Jayalalithaa Death Mystery Unveiled

Former Tamil Nadu chief minister J Jayalalithaa was rushed to hospital on 22 September and spent over 75 days there, until she succumbed to a cardiac arrest and died on 5 December. Opposition leader Stalin and few others demanded that the state government should release a white paper on the treatment meted out to Jayalalithaa.

Interestingly, a day after Chinnamma Sasikala was nominated as new chief minister of Tamil Nadu, British doctor Richard Beale who treated Jayalalithaa in the hospital revealed important details of the former CM’s deteriorating health and the treatment provided to her in the situations kept secret till now. 

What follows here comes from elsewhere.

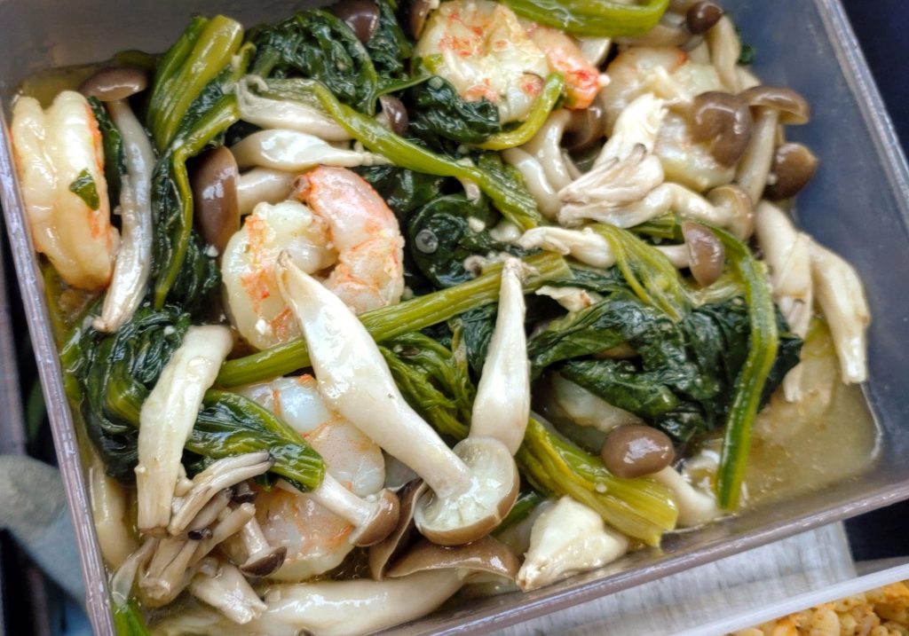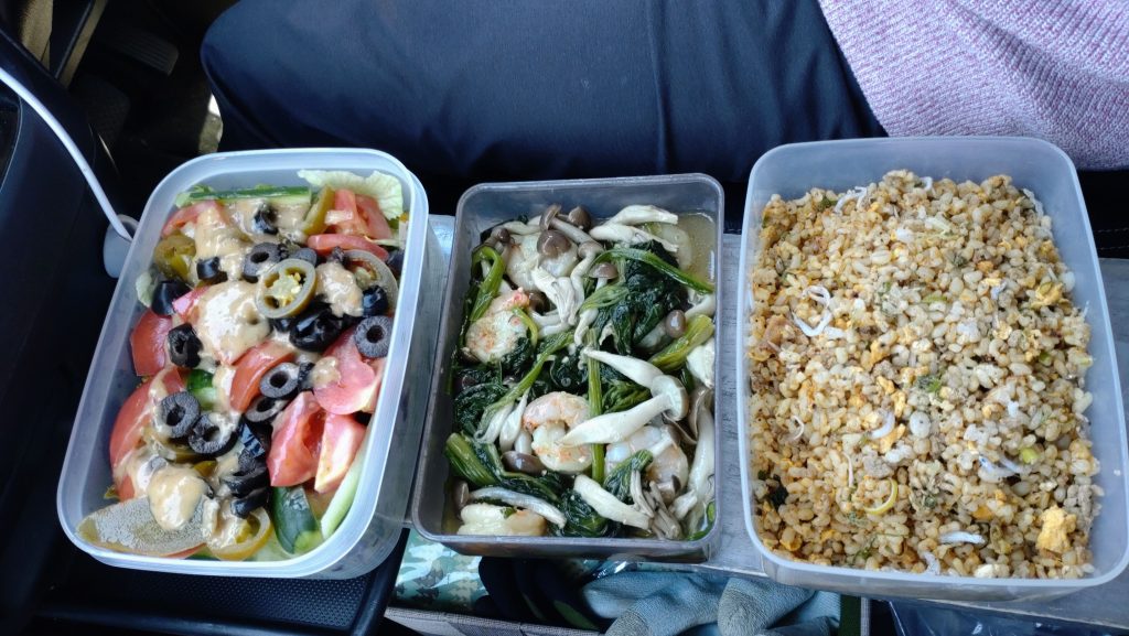黒松内の道の駅でブランチ。お気に入りの「親鳥」を最近は小さい方を選びます。サラダは私が用意しますが、激ウマのチャーハンと、ほうれん草・キノコ・海老のお惣菜は、はじめさんが作りました。デパ地下よりも上をいくレベルです。

Beale and other doctors made the following revelations in a press press briefing today:

Beale said that Jayalalithaa was conscious while she was brought in an ambulance from her home in Chennai’s Poes Garden to the city’s Apollo Hospital on the night of September 22 last year. Different theories had been floating since months now speculating the condition in which Jayalalithaa was taken to the hospital.

Jayalalithaa was admitted for fever and dehydration and put on ventilator occasionally in the hospital. She also interacted with people often.

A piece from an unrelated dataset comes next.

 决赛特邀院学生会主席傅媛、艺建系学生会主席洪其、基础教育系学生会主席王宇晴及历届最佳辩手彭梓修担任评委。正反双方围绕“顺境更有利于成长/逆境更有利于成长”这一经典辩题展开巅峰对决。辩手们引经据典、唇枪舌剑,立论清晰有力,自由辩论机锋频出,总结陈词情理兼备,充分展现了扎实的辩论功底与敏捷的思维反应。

P Balaji of Madras Medical College and K Babu of Apollo Hospitals had signed in election forms on which her thumb impression was taken, Beale said. The said affidavit was taken for nominating party candidates for elections in two seats and a bypoll contest last year.

Beale said that there was possibility of sepsis, which is the body’s response to an infection, to have spread fast across Jayalalithaa’s body and caused damage to other organs. Beale added, however, that Jayalalithaa had shown signs of recovery and that she was responding to the treatment.

Beale said that the doctors were not clear on the source of the infection but found after repeated tests that the infection was, indeed, present in her blood. “So bacteria were going from the blood and that was where the infection was identified and resulted in her general poor condition.”
Jayalalithaa was known to be a patient of diabetes and high blood pressure.